# Anyone NYC Folks care to Herf on Friday 9/28/07



## Dux (Oct 4, 2006)

Looking to sit back relax and enjoy a few cigars on Friday :tu
Anyone care to join me @ Merchants around 6pm?

I need to smoke in Celebration that my wife finally found work  

Doug/Dux


----------



## hova45 (Jun 17, 2007)

Well it sounds good and that is cause for celebration. When does she start or did she start already?


----------



## Dux (Oct 4, 2006)

hova45 said:


> Well it sounds good and that is cause for celebration.

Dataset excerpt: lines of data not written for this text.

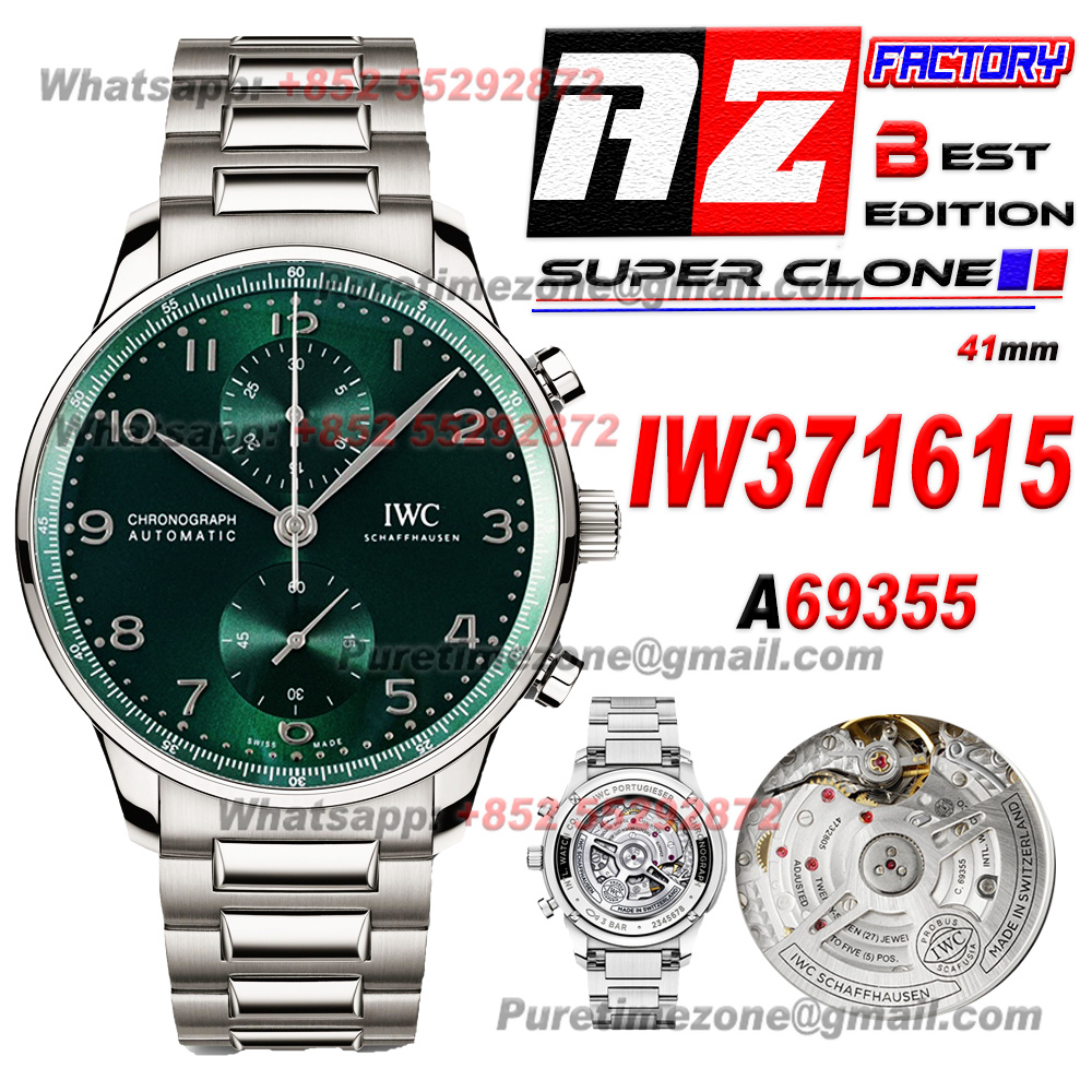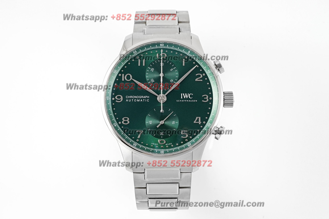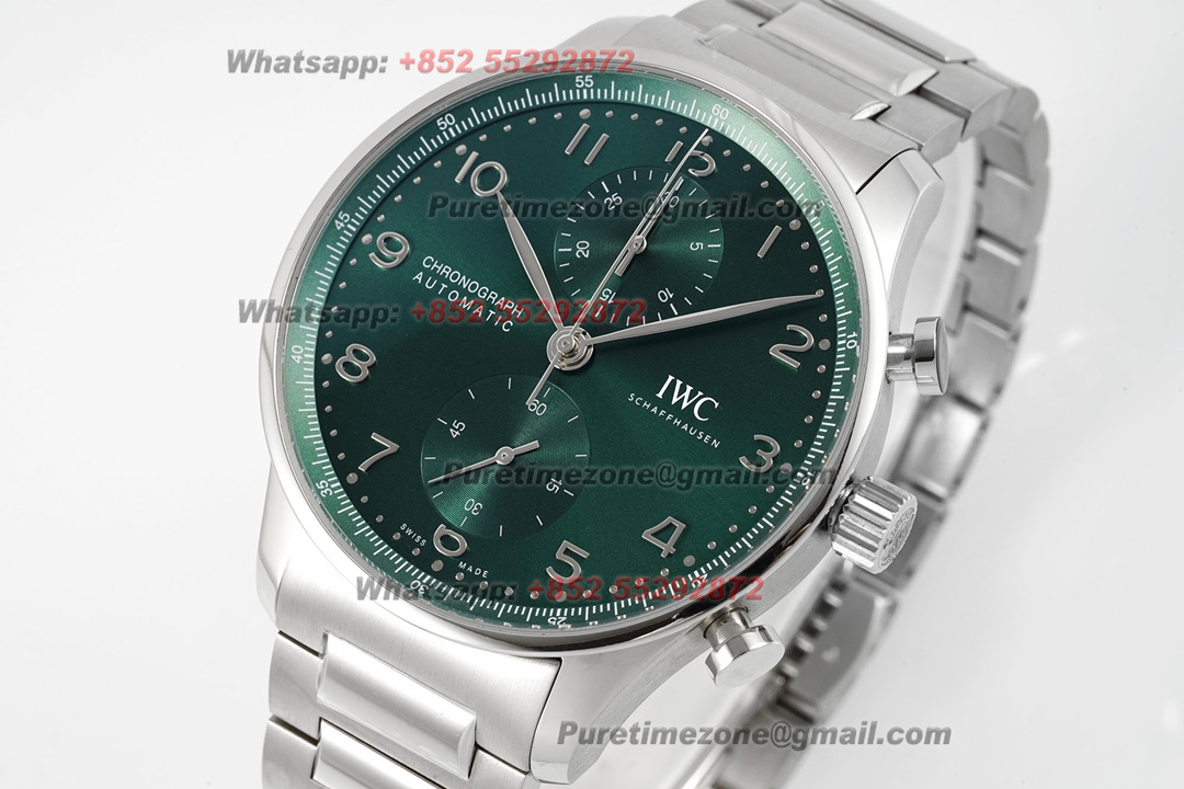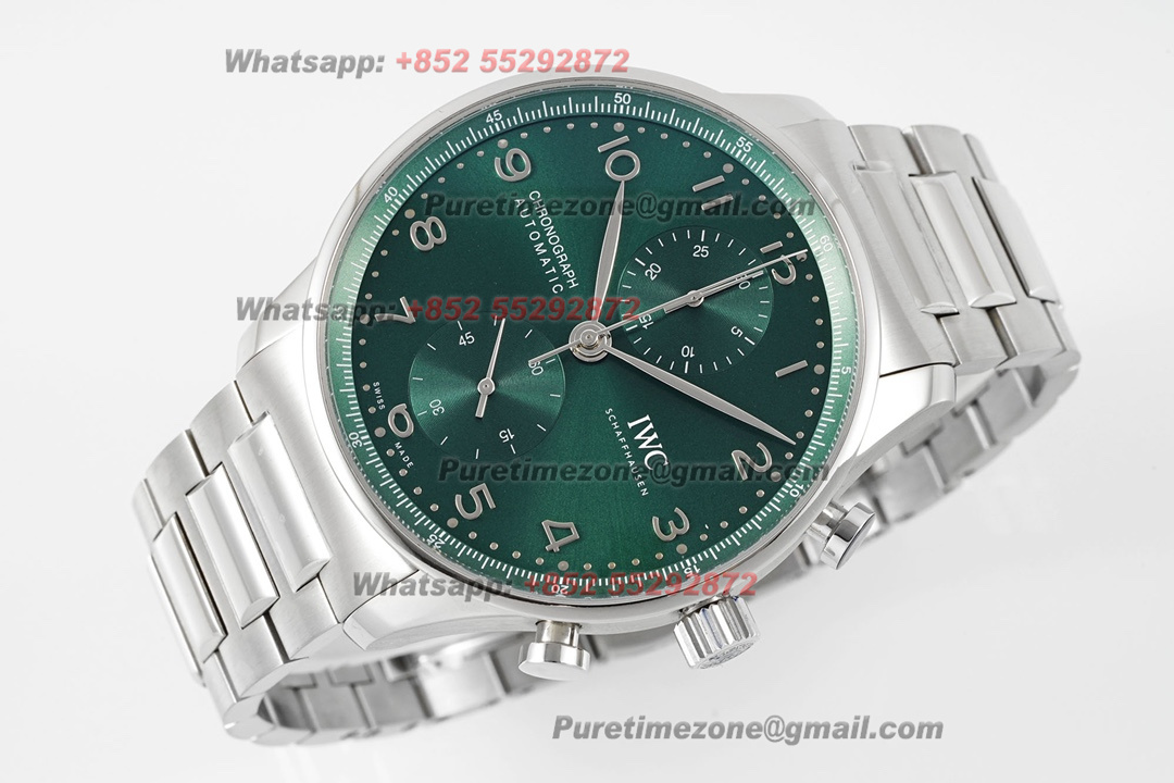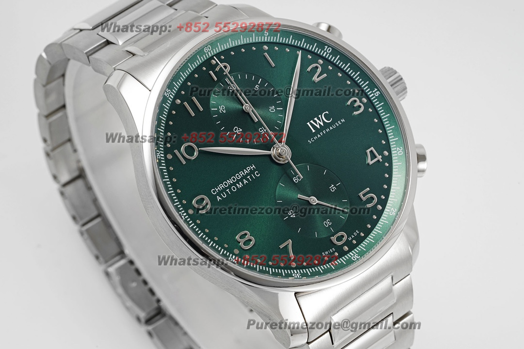 Portugieser Chronograph IW371615 Automatic Mens Watch Super Clone AZF Green Dial SS Bracelet A69355
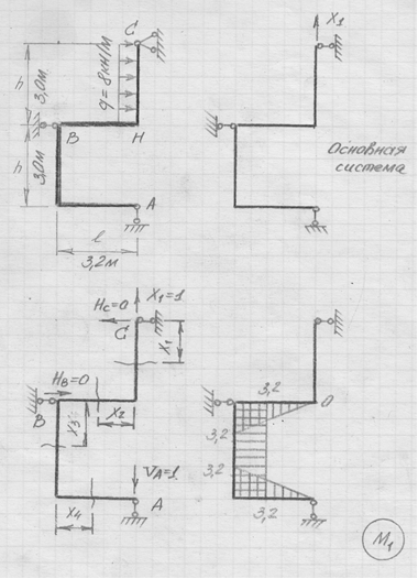 l=3,2 м; h=3 м; q=8 кН/м; k=1,2.
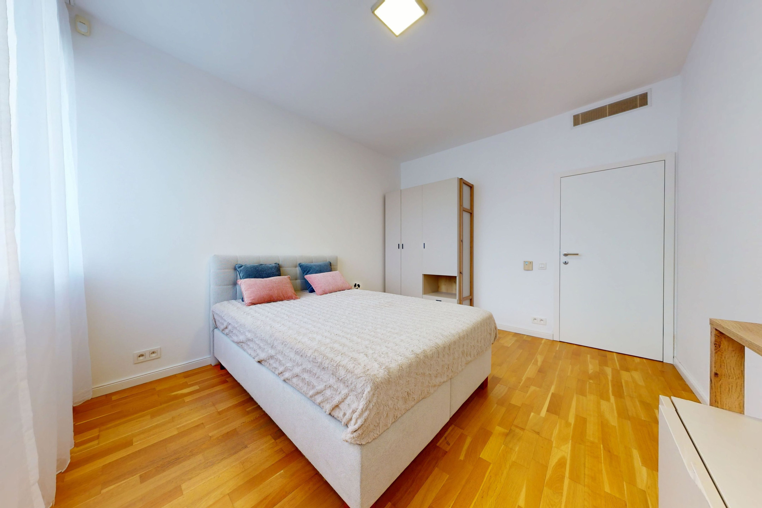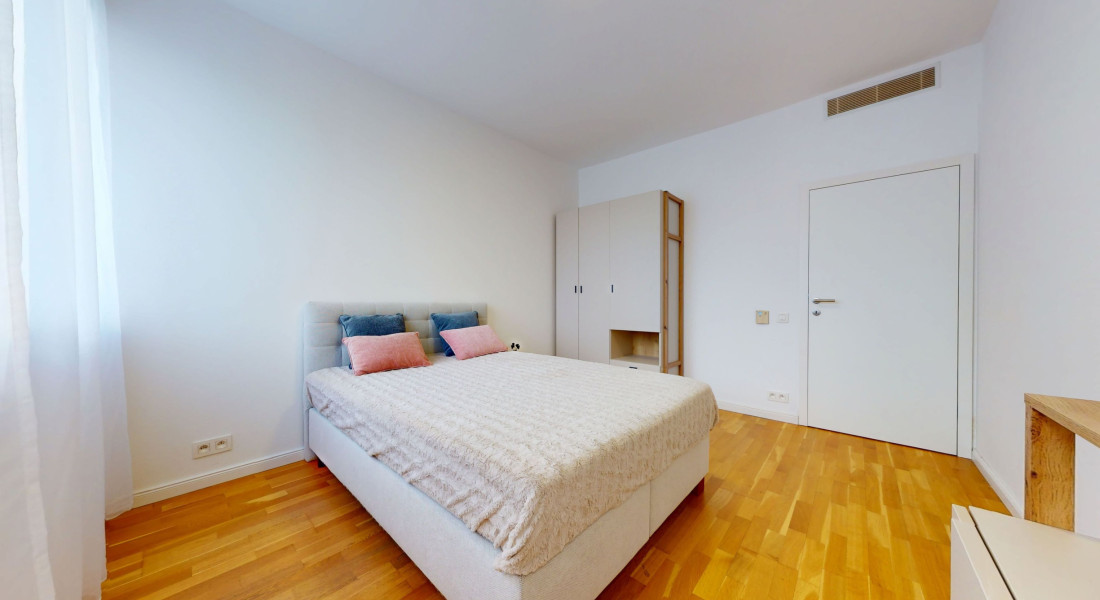 - 2 separate rooms (12.87 m² and 17.22 m²). The larger bedroom features a king-size bed (180cm × 200 cm), bedside tables, and a large built-in wardrobe. The smaller bedroom has a double bed (140cm × 200 cm), a wardrobe, and a storage chest of drawers,
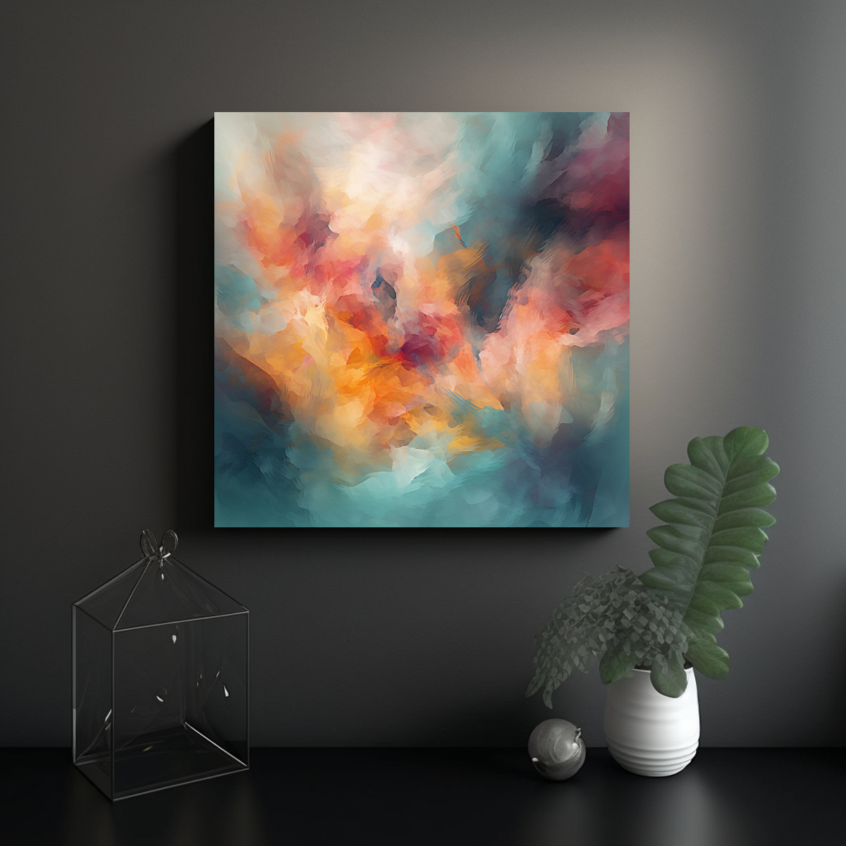 Para realzar la belleza de este cuadro abstracto multicolor, te recomendamos colocarlo en una pared blanca o gris claro, destacando así cada tonalidad y creando un punto focal en la habitación Combínalo con muebles en tonos neutros para un ambiente equilibrado y sofisticado
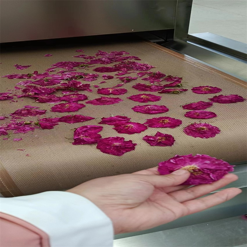 就拿鮮花來說吧,從鮮花的采摘到烘干只需要短短幾分鐘的時間,就可以把一朵鮮花烘干成顏色亮麗,香味濃郁的干花,既可以放臥室當香薰,又可以直接沖水飲用。而且微波烘干機還可以殺菌,滅蟲卵,不需要防腐劑就可以延長花朵的保質期。烘干過程中不產生廢水、廢氣、廢渣,環保又衛生。整機食品級不銹鋼制造,有效抑制微波的外泄,安全有保障??靵韺嵉貐⒂^一下吧?。?!

When does she start or did she start already?


Started working today :tu


----------



## Malik23 (Sep 21, 2006)

Come to the casino herf on Sunday...


----------



## Dux (Oct 4, 2006)

Malik23 said:


> Come to the casino herf on Sunday...


Have Plans on Sunday ATM


----------



## hova45 (Jun 17, 2007)

I am bored


----------



## Dux (Oct 4, 2006)

hova45 said:


> I am bored


Yeah I know that feeling :hn


----------



## hova45 (Jun 17, 2007)

want to change jobs for a bit doug


----------



## Dux (Oct 4, 2006)

hova45 said:


> want to change jobs for a bit doug


You can have mine for free


----------



## Coyote7 (Aug 8, 2007)

Congrats to your wife Doug:ss


----------



## Dux (Oct 4, 2006)

Plan change...

Me and Hova will be @ Barclay Rex from 4:30 till 7:30 
570 Lexington Ave. New York, NY 10022

Doug/Dux


----------